───── Extracted entries ─────

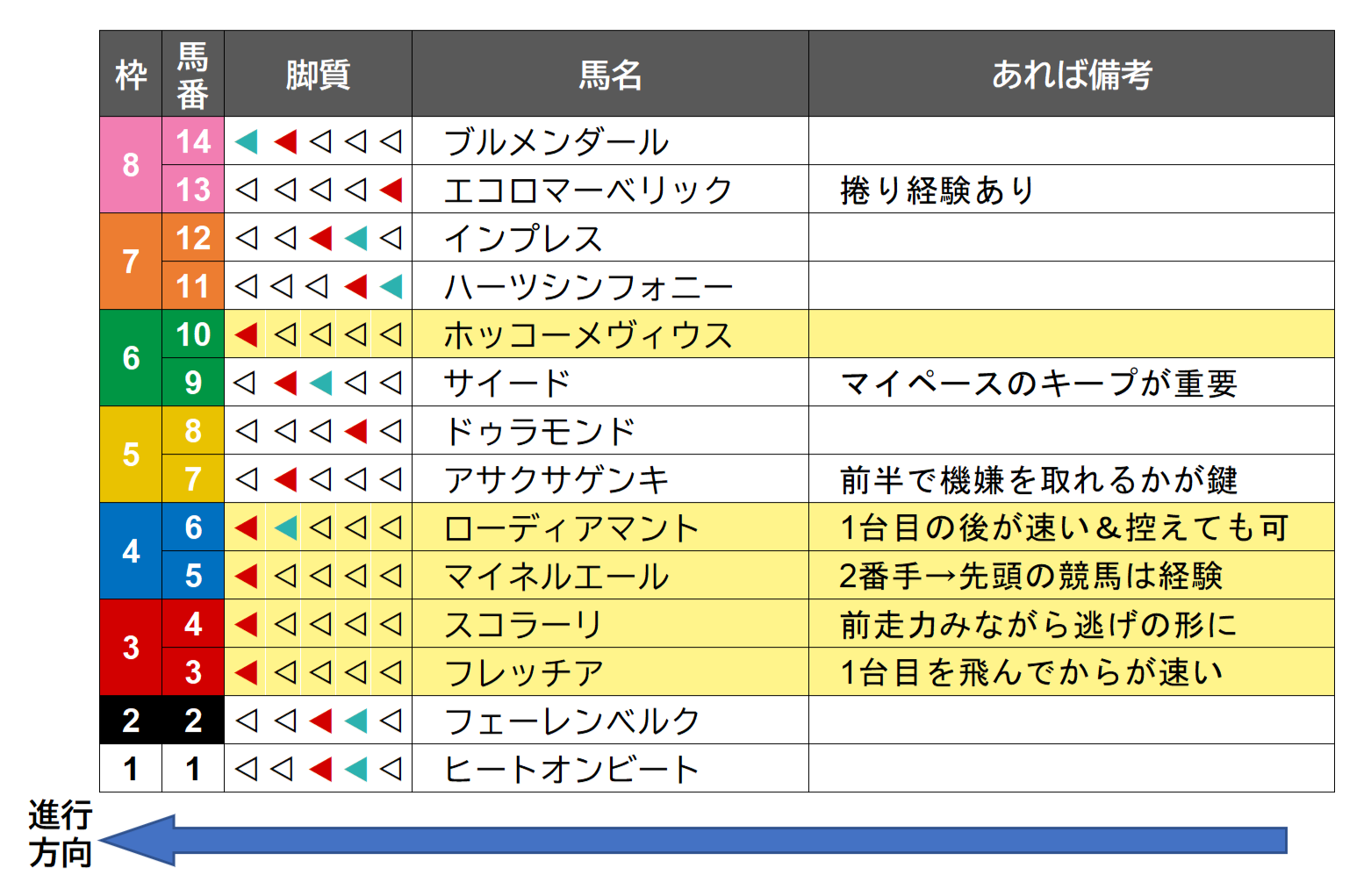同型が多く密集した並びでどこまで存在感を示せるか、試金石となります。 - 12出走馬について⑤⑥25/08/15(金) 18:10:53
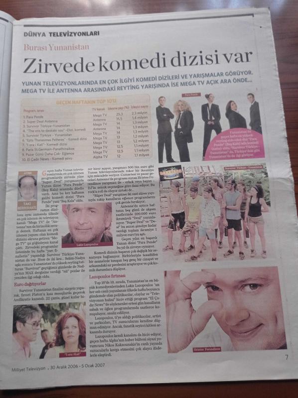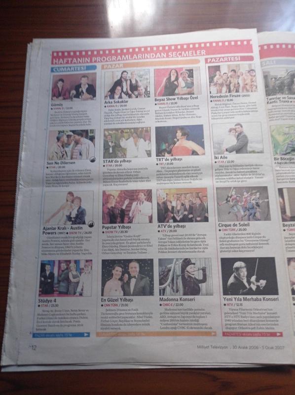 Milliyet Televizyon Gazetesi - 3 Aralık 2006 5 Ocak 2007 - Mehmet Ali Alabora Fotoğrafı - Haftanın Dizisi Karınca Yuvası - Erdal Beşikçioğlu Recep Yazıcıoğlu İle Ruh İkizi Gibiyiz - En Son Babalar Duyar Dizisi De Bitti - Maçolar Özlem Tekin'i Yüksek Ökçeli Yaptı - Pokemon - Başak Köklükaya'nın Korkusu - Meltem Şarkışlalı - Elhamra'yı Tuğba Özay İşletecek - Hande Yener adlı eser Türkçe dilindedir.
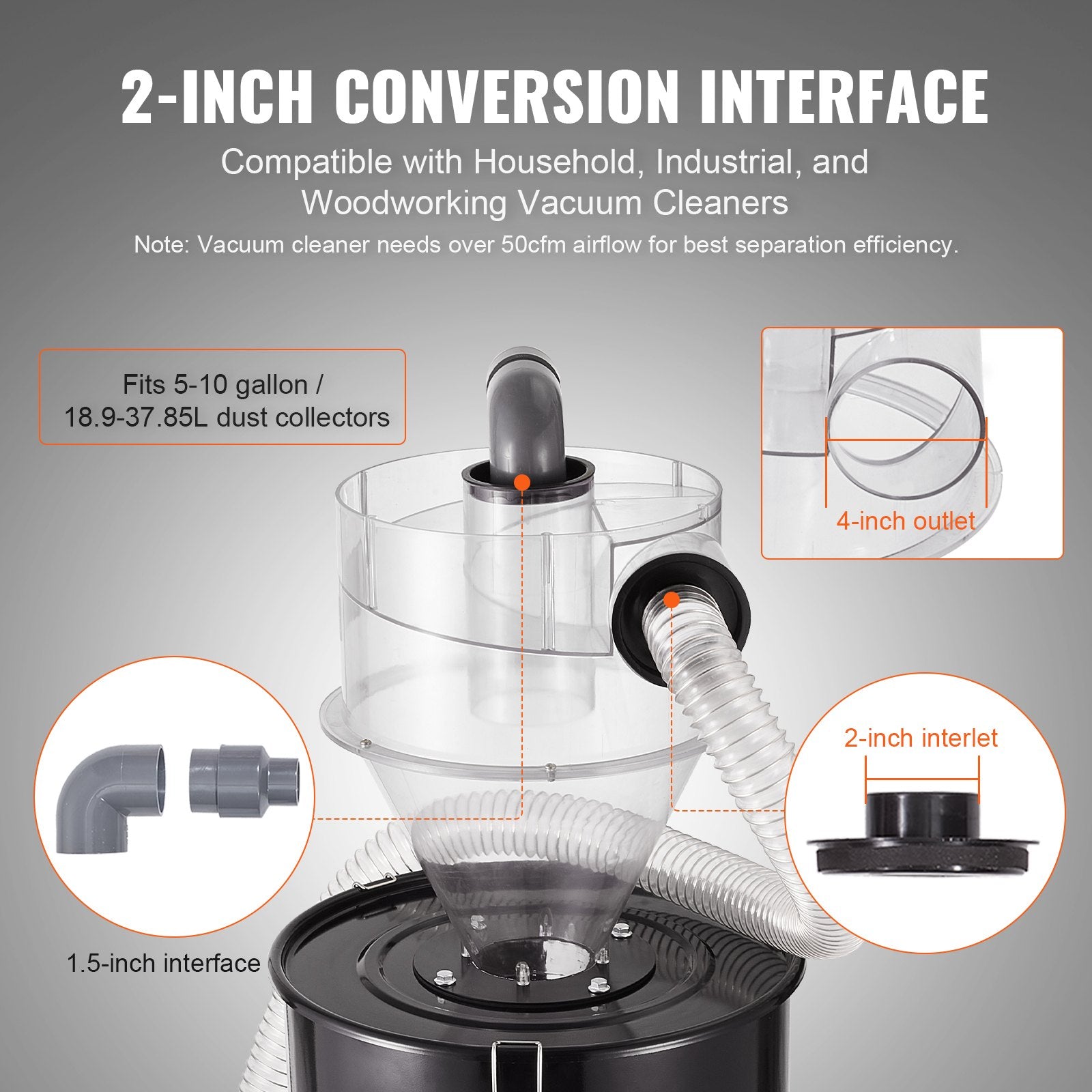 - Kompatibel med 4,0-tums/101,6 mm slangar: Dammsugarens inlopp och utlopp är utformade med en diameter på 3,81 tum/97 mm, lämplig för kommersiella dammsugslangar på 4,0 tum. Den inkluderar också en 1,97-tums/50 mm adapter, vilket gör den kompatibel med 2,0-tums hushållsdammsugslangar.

─────
───── Extracted entries ─────

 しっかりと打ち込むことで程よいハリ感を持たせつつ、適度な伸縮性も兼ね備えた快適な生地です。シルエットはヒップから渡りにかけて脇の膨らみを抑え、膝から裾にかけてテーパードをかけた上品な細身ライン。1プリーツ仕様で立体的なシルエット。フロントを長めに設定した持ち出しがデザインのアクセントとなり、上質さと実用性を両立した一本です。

─────

→ The task
In the entries above, find the line with "同型が多く密集した並びでどこまで存在感を示せるか、試金石となります。 - 12出走馬について⑤⑥25/08/15(金)" and the line with "- Kompatibel med". Return exactly those lines and all the ones between them, pictures excluded.

→ Finished exercise
同型が多く密集した並びでどこまで存在感を示せるか、試金石となります。 - 12出走馬について⑤⑥25/08/15(金) 18:10:53
 Milliyet Televizyon Gazetesi - 3 Aralık 2006 5 Ocak 2007 - Mehmet Ali Alabora Fotoğrafı - Haftanın Dizisi Karınca Yuvası - Erdal Beşikçioğlu Recep Yazıcıoğlu İle Ruh İkizi Gibiyiz - En Son Babalar Duyar Dizisi De Bitti - Maçolar Özlem Tekin'i Yüksek Ökçeli Yaptı - Pokemon - Başak Köklükaya'nın Korkusu - Meltem Şarkışlalı - Elhamra'yı Tuğba Özay İşletecek - Hande Yener adlı eser Türkçe dilindedir.
 - Kompatibel med 4,0-tums/101,6 mm slangar: Dammsugarens inlopp och utlopp är utformade med en diameter på 3,81 tum/97 mm, lämplig för kommersiella dammsugslangar på 4,0 tum. Den inkluderar också en 1,97-tums/50 mm adapter, vilket gör den kompatibel med 2,0-tums hushållsdammsugslangar.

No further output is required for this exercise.